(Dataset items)
:::::

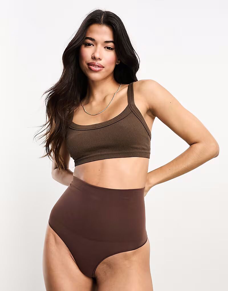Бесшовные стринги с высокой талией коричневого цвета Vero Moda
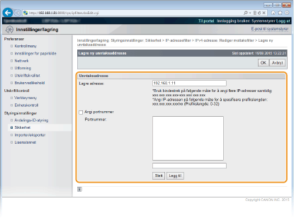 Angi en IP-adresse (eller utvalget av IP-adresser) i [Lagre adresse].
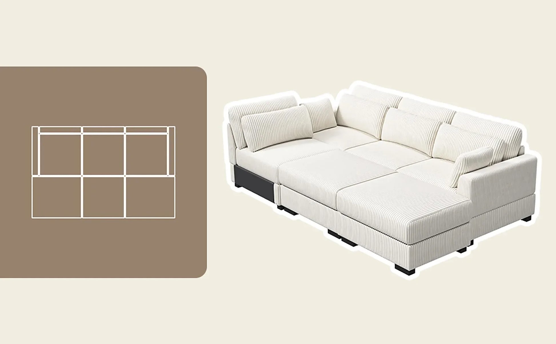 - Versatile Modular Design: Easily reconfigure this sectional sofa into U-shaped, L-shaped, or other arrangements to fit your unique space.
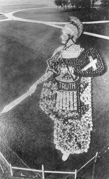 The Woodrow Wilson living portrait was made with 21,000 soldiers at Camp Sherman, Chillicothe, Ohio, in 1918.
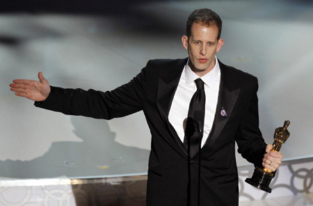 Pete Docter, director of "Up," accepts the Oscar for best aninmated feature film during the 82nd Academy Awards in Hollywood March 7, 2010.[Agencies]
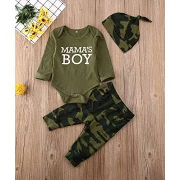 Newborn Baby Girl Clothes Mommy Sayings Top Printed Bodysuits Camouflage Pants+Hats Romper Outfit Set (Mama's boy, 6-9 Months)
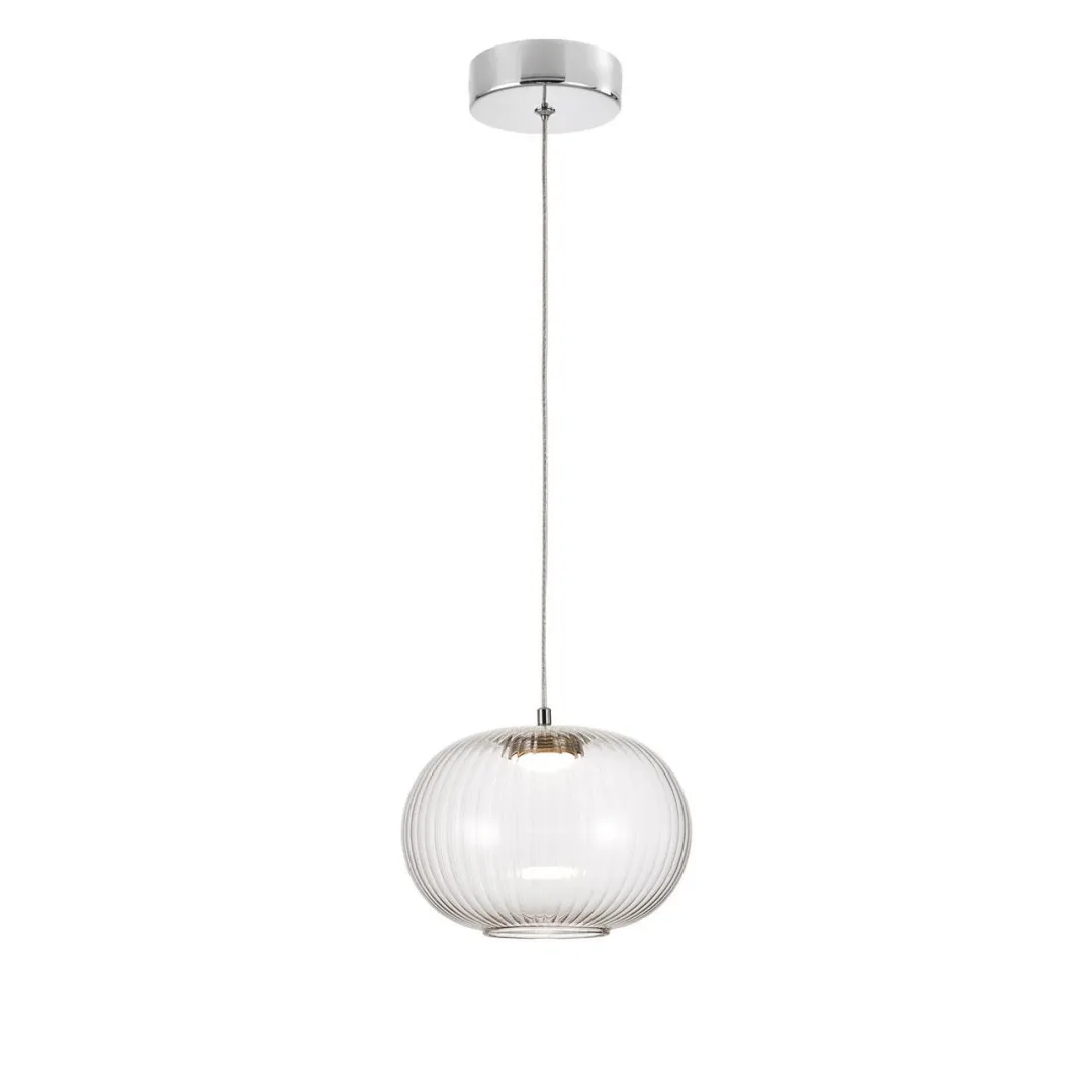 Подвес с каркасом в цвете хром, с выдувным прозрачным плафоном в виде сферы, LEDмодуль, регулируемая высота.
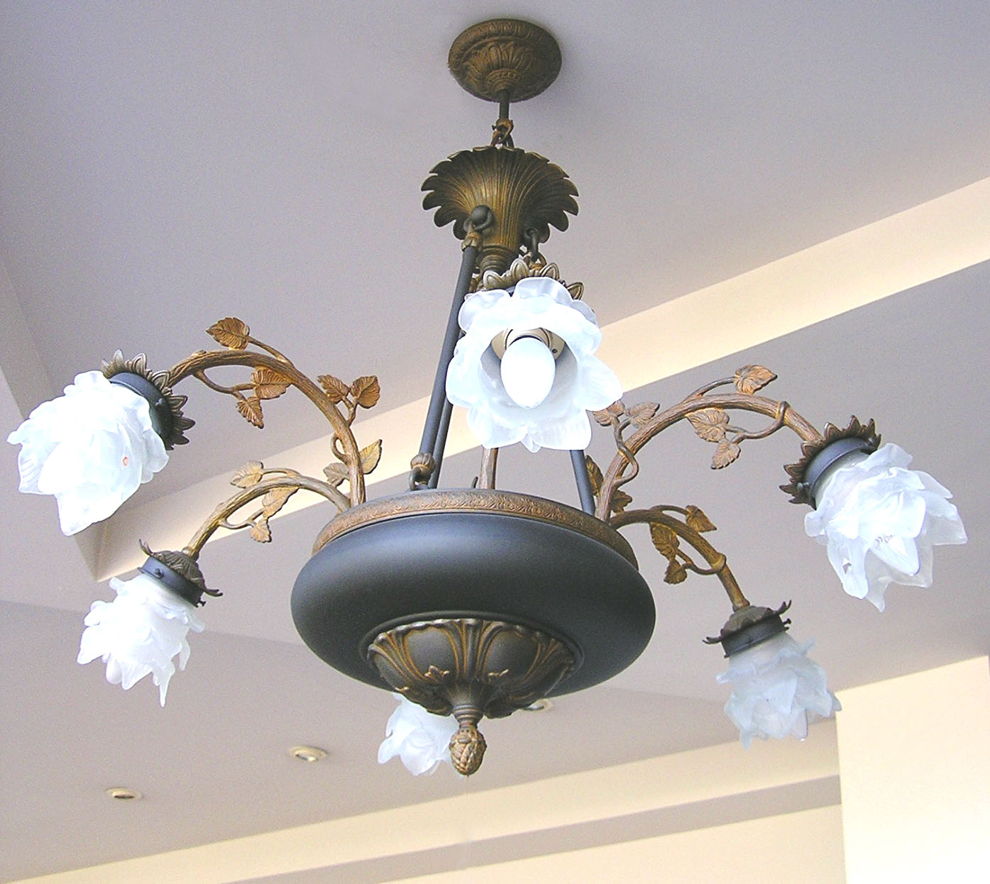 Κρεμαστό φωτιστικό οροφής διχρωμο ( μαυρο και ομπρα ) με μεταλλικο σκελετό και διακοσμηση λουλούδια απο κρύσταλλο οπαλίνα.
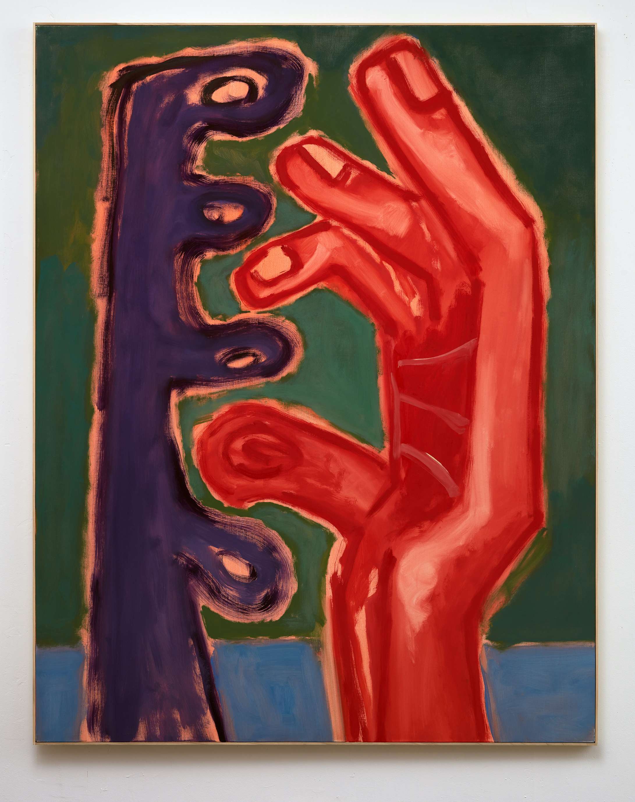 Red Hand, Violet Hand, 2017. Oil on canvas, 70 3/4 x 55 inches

:::::

# Your task
Keep the pictures out while you retype all of the data above exactly as it appears.

# Problem solution
Бесшовные стринги с высокой талией коричневого цвета Vero Moda
 Angi en IP-adresse (eller utvalget av IP-adresser) i [Lagre adresse].
 - Versatile Modular Design: Easily reconfigure this sectional sofa into U-shaped, L-shaped, or other arrangements to fit your unique space.
 The Woodrow Wilson living portrait was made with 21,000 soldiers at Camp Sherman, Chillicothe, Ohio, in 1918.
 Pete Docter, director of "Up," accepts the Oscar for best aninmated feature film during the 82nd Academy Awards in Hollywood March 7, 2010.[Agencies]
 Newborn Baby Girl Clothes Mommy Sayings Top Printed Bodysuits Camouflage Pants+Hats Romper Outfit Set (Mama's boy, 6-9 Months)
 Подвес с каркасом в цвете хром, с выдувным прозрачным плафоном в виде сферы, LEDмодуль, регулируемая высота.
 Κρεμαστό φωτιστικό οροφής διχρωμο ( μαυρο και ομπρα ) με μεταλλικο σκελετό και διακοσμηση λουλούδια απο κρύσταλλο οπαλίνα.
 Red Hand, Violet Hand, 2017. Oil on canvas, 70 3/4 x 55 inches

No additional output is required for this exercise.